Few things get Coloradans as riled up as access to our public lands. The debate tends to rage on numerous fronts, but by far the most contentious battles are fought over off-road vehicle access: where, when, how and when is enough enough?

Officials with the Pike-San Isabel National Forest in southern-central Colorado touched off a powder keg of controversy recently when they issued a Motor Vehicle Use Map (MVUM) that conservationists say includes more than 500 miles of illegal roads and tracks – or “rogue” trails – formed by all-terrain vehicles (ATVs) or motorcycles over the years.

The groups filed suit last week in U.S. District Court alleging the U.S. Forest Service failed to properly vet the roads for environmental impacts, including their potential effect on endangered species and other recreational activities such as hiking and biking.

Represented by the environmental law firm Earthjustice, the groups include the Quiet Use Coalition, Great Old Broads for Wilderness, Center for Native Ecosystems, Wildlands CPR and The Wilderness Society. The groups also say the roads were added without any public input.

Critics claim that the more than 800 trails, roads and tracks will only add to a USFS maintenance and upgrade backlog on the existing network in the Pike-San Isabel National Forest, which is in the top 10 most popular national forests in the United States. The Forest Service is currently $16 million behind in just maintaining existing roads, the groups claim.

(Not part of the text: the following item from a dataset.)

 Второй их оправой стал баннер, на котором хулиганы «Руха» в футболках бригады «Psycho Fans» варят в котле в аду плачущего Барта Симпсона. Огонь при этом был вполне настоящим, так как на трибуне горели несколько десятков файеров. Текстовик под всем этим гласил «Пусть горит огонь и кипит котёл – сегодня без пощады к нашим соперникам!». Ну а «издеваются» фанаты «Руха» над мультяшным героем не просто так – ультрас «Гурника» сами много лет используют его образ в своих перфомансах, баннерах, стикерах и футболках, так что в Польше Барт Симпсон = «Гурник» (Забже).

“I’m really upset because this forest means so much to me and my family,” Quiet Use Coalition President Alan Heald said in a release “Everyone knows that this forest’s management and enforcement of [off-road vehicles] has been lackadaisical for decades. But now, instead of utilizing the new rules to rein it in, they are attempting to officially lock in the decades of illegal use without a public and environmental process.”

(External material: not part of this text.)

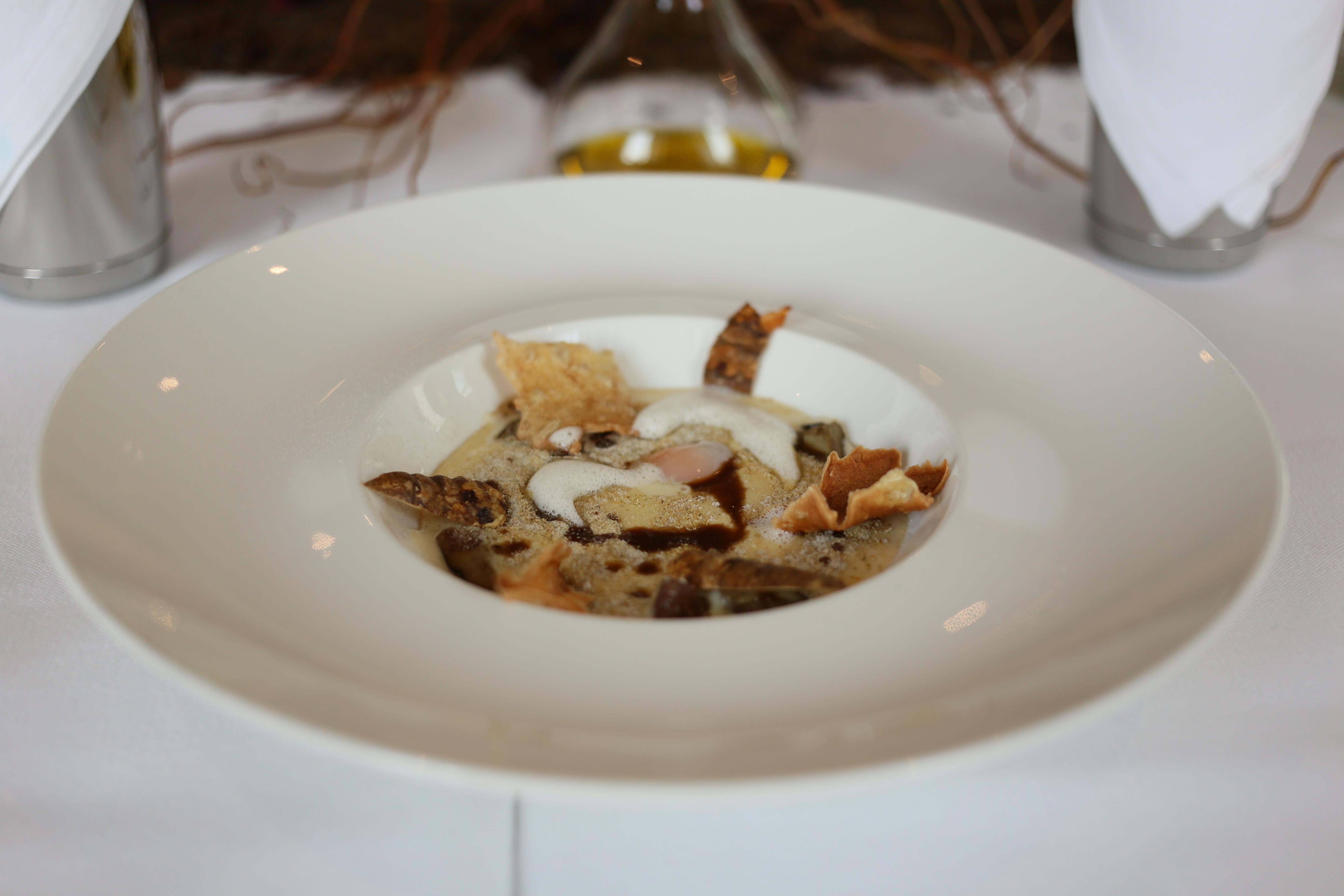 Crème van aardappel en prei, kwartelei, Fontina, hefstgroenten

Heald is an avid hiker who says he has dealt with years of off-road vehicle trespass problems around his family’s mining claim in the Pike-San Isabel.

Off-road vehicle groups in other parts of the state have battled with lower-impact forest users over inclusion of new public lands in wilderness proposals in the White River National Forest, where the Hidden Gems proposal sparked heated debate in recent years.

A watered down version of that proposal was proposed by U.S. Rep. Jared Polis, D-Boulder, in the last session of Congress. Its fate remains uncertain in the current Republican-controlled House.

And for years now Colorado has been working through a laborious process to craft its own rules for managing federal public lands designated as “roadless” areas. The state is seeking certain exemptions for ski area expansion and extractive industries such as gas drilling and logging.